Morning News: 'Enquirer' editor departs; Springer mulling run for governor; Bevin blasts public school teachers for coming to work

Kentucky Gov. Matt Bevin is getting flack for comments about teachers in the state "hoarding sick days."

click to enlarge Kentucky Gov. Matt Bevin
Kentucky Gov. Matt Bevin

Good morning all. Ready for a news update?

A group of Cincinnati City Councilmembers are looking to get the city to divest from companies tied to private prisons. Investments held by the city’s pension fund include more than $2.5 million in stocks tied directly or indirectly to the for-profit prison industry. You can read more about the effort, and the reasoning behind it, in this story.

• Almost a year after a motorist hit and killed a popular Northside business owner, city officials are undertaking a pedestrian safety study there. Neighborhood residents are glad it’s happening, but are also “fed up” with the wait for traffic studies and other measures, they say. The city’s efforts will include gathering data on walk signals, jaywalking, vehicles running stop signs and lights as well as blowing through crosswalks, speeding, lack of sidewalks, crosswalks and bike lanes and other issues.

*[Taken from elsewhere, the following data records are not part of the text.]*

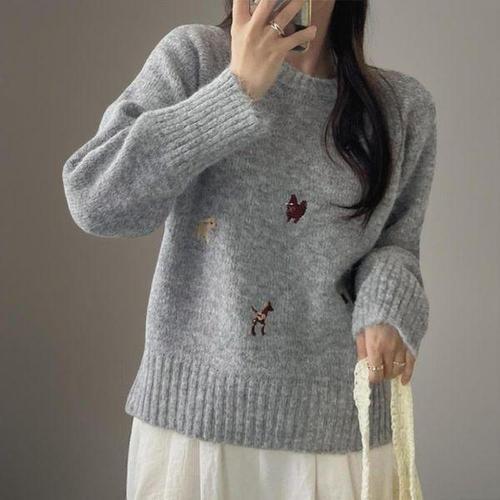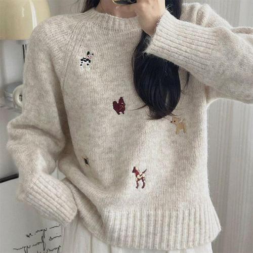 [신상오픈런]여성용 귀여운 강아지 자수 라운드 니트 가을 울 스웨터
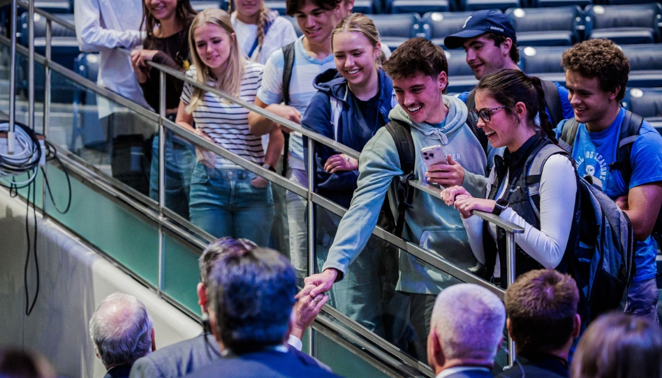 El élder Ronald A. Rasband, del Cuórum de los Doce Apóstoles, saluda a los estudiantes de BYU en el Marriott Center en Provo, Utah, el martes 23 de septiembre de 2025. Imagen: La Iglesia de Jesucristo de los Santos de los Últimos Días
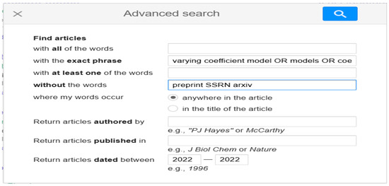 Figure 4. Advanced search box for publications with the phrase “varying coefficient model OR models OR coefficients” in 2022.
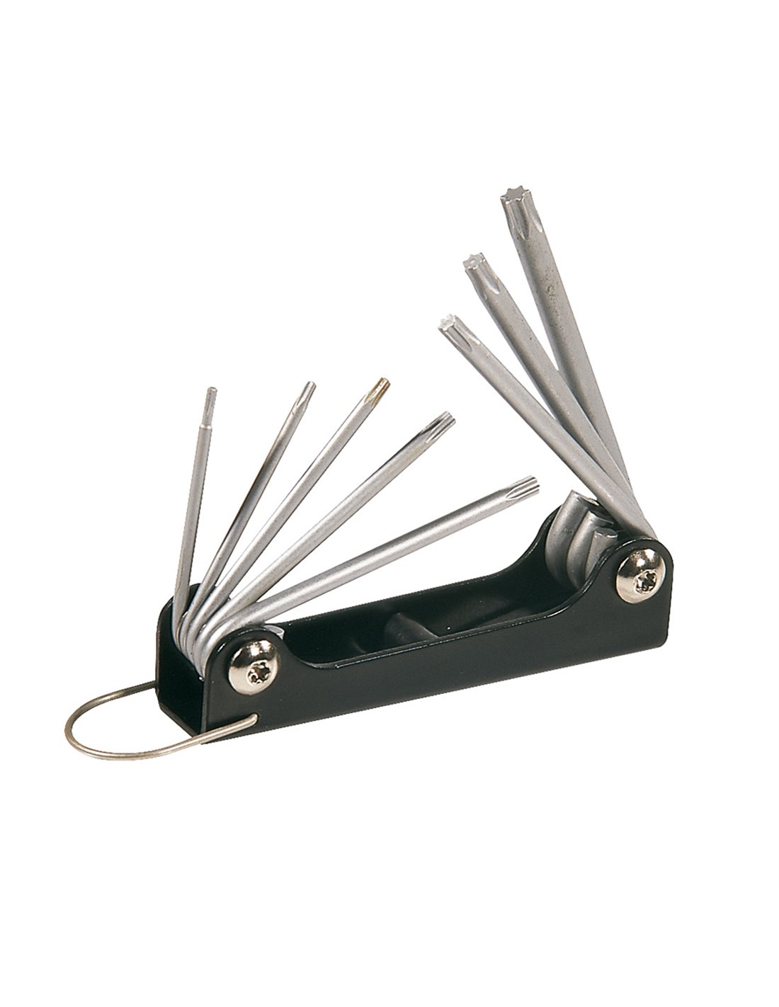 LLAVES TORX JGO.8 NAVAJA PL. RATIO Juego 8 llaves Torx RATIO 6293 Navaja plegable 8 piezas. Cromo-vanadio satinado. T9-10-15-20-25-27-30-40.
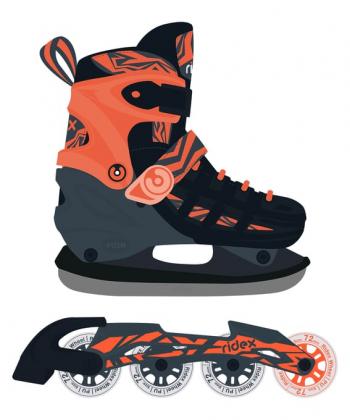 Раздвижные коньки-ролики Hot от бренда RIDEX созданы для тех, кто любит кататься как по летним городским улицам, так и по гладкому льду парков и катков. Ролики обладают шустрыми подшипниками ABEC-7, обеспечивающими отличный накат. За безопасность отвечают прочная алюминиевая рама и ударостойкий пластик. Ботинок мягко садится на ногу, его можно отрегулировать в пределах четырех размеров. А система креплений удобно фиксирует ногу, что способствует комфортному катанию. Лезвие для коньков создано из нержавеющей стали, легко затачивается и имеет продолжительный срок службы. Выбирайте роликовые коньки-трансформеры и катайтесь с ветерком без оглядки на сезон!

• The city of Cincinnati has awarded almost $10 million in contracts — 27 percent of total contracts paid — to businesses owned by women and minorities in the first three months of 2017, according to a city report issued Wednesday. That comes after a concerted push started last year to get more minority- and women-owned businesses into contracts for city work. A study commissioned in 2013 by Cincinnati City Council found that only a small percentage of city contracts at that time went to businesses owned by women and people of color. Based on that study, the city took up efforts to increase contracts going to those businesses.

• Just two years after taking the helm of The Cincinnati Enquirer’s newsroom, editor Peter Bhatia is on his way out the door to head another Gannett paper, the Detroit Free Press. Bhatia’s last day at the city’s daily will be Sept. 13. His replacement hasn’t been named yet.

• Online retail giant Amazon already has a big presence in Northern Kentucky, and soon it could also have a major facility north of Cincinnati. The company is looking at the possibility of building a distribution center that would employ more than 1,000 people, most likely in Monroe. Documents from the Ohio Development Services Agency reveal that the Ohio Tax Credit Authority is offering Amazon a 10-year tax credit worth $3.8 million to bring the facility here on the condition that it stays open at least 13 years. Of course, it’s not a sure thing by any means. Ohio is competing with multiple other states for the project, and Amazon hasn’t commented on the potential facility.

• Let’s stay up north for a minute, where people in Franklin Township are getting wild over the removal of a small monument to Confederate general Robert E. Lee. This story tells a bit about why people want to keep the monument to a slave owner who led an insurgent war against the United States. It’s a weird one.

• Fentanyl, the powerful opioid that has been added to heroin and other drugs, has caused overdose deaths to double over the past five years and accounted for more than half of the state’s 4,000 drug overdoses last year, according to a new report by the Ohio Department of Health. Fentanyl and other additives can be hundreds of times more powerful than heroin itself. You can read more about the drug’s origins and the toll it’s taken in this CityBeat story from last year.

• Could a former Cincinnati mayor and host of… that one talk show… run for governor? It seems Jerry Springer is mulling a bid to run the state after Ohio Gov. John Kasich is term-limited out of office next year. A close friend of the Democratic politician and TV personality said he’ll make a final call on whether he’ll compete in the Democratic Party primary against the likes of Dayton Mayor Nan Whaley and former State Rep. Connie Pillich within the next two weeks.

• Kentucky Gov. Matt Bevin, a Republican, got flack from powerful state lawmakers in his own party after comments about how teachers in the state are “hoarding sick days.” The comment came late last week as Bevin was discussing the state’s pension, which is $33 billion short of the money it will need to pay out over the next three decades. Currently, the state’s system lets retiring workers cash in 30 percent of their unused sick days, a practice a state audit recommended be eliminated. But Bevin’s comments were a step too far for GOP Kentucky House Speaker Jeff Hoover, who Tuesday told media that he was “disappointed” with the governor’s remarks. Hoover’s wife has been a public school teacher for a quarter century.

“She goes to work because for many of her kids every year, it's the only time they will get a hug during the day," Hoover told reporters in response to Bevin’s comments. "I would encourage everyone out there to tone down the rhetoric, to tone down the hate and the comments but recognize we've got a serious problem and let's all pull together and try to get it solved."